_Data excerpt:_
+++

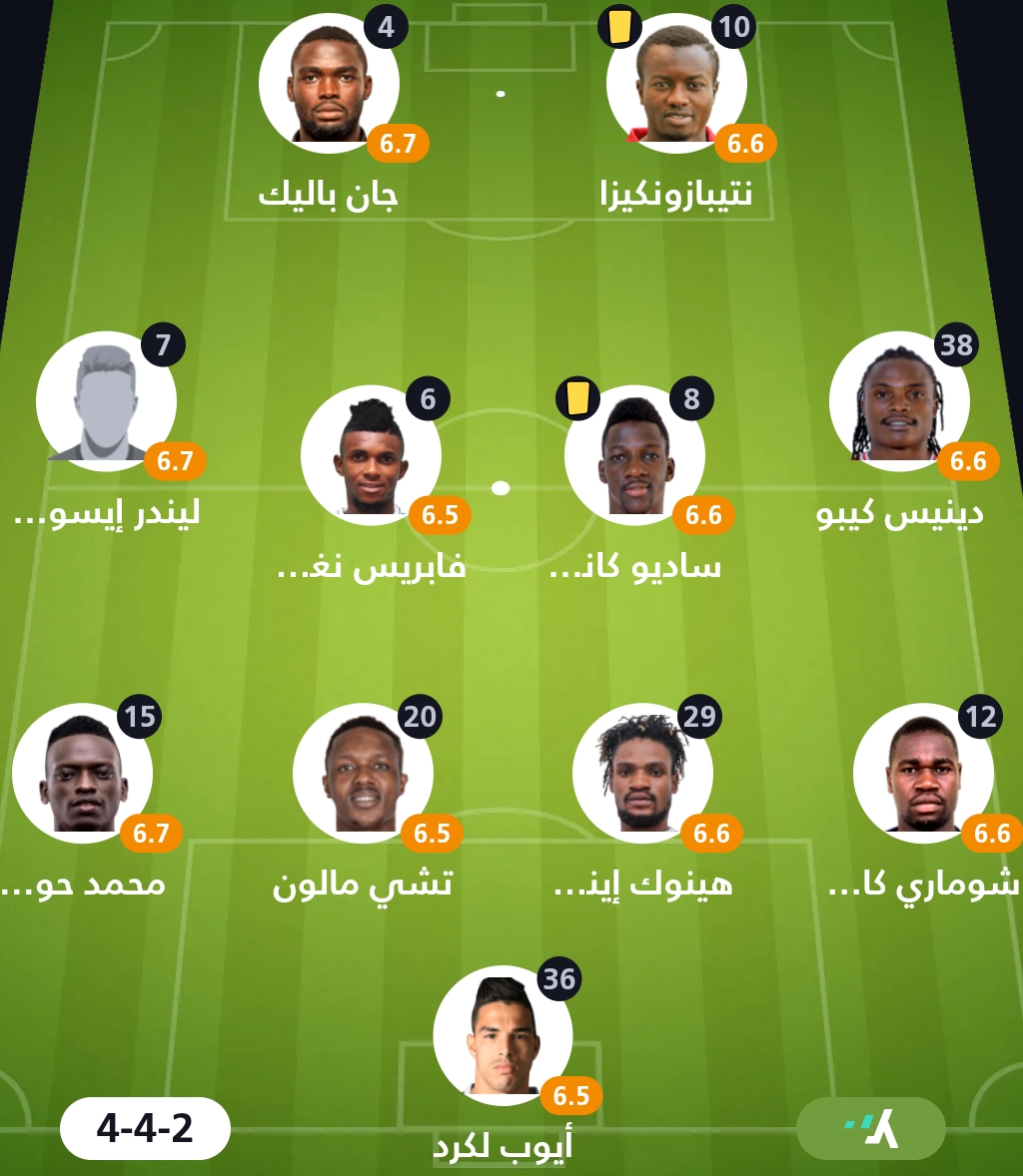 خط الوسط: كيبو، ساديو، فابريس، ليندر إيسو.
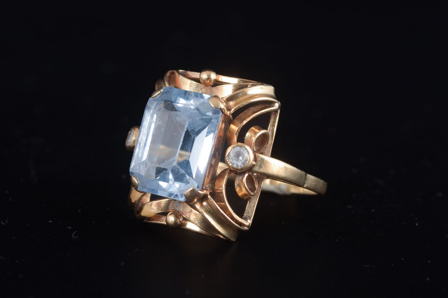 Dekorativ ring i 18 karat guld udført af dansk guldsmed med organisk, skulpturel fatning. Monteret med en lyseblå, firskåret spinel, der giver ringen et elegant og sofistikeret udtryk.
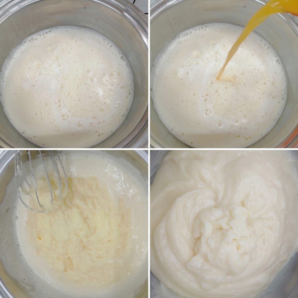 Voeg langzaam de warme melk toe, giet het hele mengsel in de pan, zet het op het fornuis en laat dikken op middelhoog vuur.

+++

Without the pictures, repeat the line with "Dekorativ ring i" and every line after it to the end of the listing, and nothing else.

_Solution:_
 Dekorativ ring i 18 karat guld udført af dansk guldsmed med organisk, skulpturel fatning. Monteret med en lyseblå, firskåret spinel, der giver ringen et elegant og sofistikeret udtryk.
 Voeg langzaam de warme melk toe, giet het hele mengsel in de pan, zet het op het fornuis en laat dikken op middelhoog vuur.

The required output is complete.